You made me feel terrible, upset, angry, mortified these are a few emotions people blame others for making them feel.
I hear people in sessions blaming their partners for how they feel.
I do understand why they say this, but when they say this they are not seeing something very important.
When a person is triggered they will have automatic emotions, it’s why they say “you made me feel” they then describe the emotion they feel.
What they are not seeing is there is a meaning they are putting to their partner’s words or actions that has been pre-set within them (everyone is set differently) at some point in their lives.
So when the trigger happens the meaning which is hidden to many is attached to the person or situation automatically without thought.
What then happens after the meaning is a feeling.
So the process is trigger -> meaning -> feeling!
How people react is trigger -> feeling!
The person is now experiencing an emotion based on that hidden meaning without seeing what was really driving the feeling.
Each meaning will create a different emotion.
I was working with a client recently who had an emotional response to part of the session.

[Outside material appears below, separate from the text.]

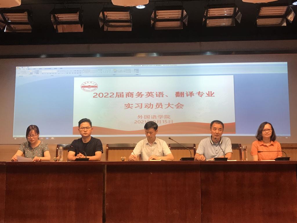9月15日下午,威廉希尔williamhill在E503召开2022届商务英语、翻译专业实习动员大会。经理王先荣、副经理江加宏、专业负责人及商务英语、翻译专业全体员工参加了会议。

We discovered that she had triggered an emotion that was driven by a meaning she had attached to a situation when she was 6 years old.
Throughout her life, this trigger kept happening with partners (it became reinforced) so she felt bad and attached that bad feeling to those people.
Without this process, she would have kept being triggered by the thinking that others were doing these emotions to her and she would have felt very upset and out of control and alone for life.
Our partners and other people simply cannot be responsible for the pre-set meanings we automatically attach to situations.
So a person who puts meanings to someone’s words or actions that to them equal they are “unloved” will create a feeling of being reactively upset or angry.
They do this feeling to themselves based on their patterned meanings.
But what if their meaning is wrong, what if to them they feel unloved, but their partner was really trying to love them?
If they could see that then the meaning would change and so would the feeling.
This process is what I see with couples every day, they utterly confuse each other.
People in relationships are not designed to interpret the same things in the same way.
In fact, men and women couldn’t be more different if they tried, yet people are unaware of how these normal differences can trigger so much upset.
So couples are doing this disconnect process to themselves and each other constantly.
Unaware of what is really happening they feel bad and blame their partner who is likely to be shocked at what they are being made responsible for.
So please, NEVER make the assumption the meaning you are attaching to someone’s words and actions is the right one.
If practised enough, you could end up switching off your own feelings (detaching from your partner) for the wrong reasons.
My advice is find out your truth, understanding this is life-changing.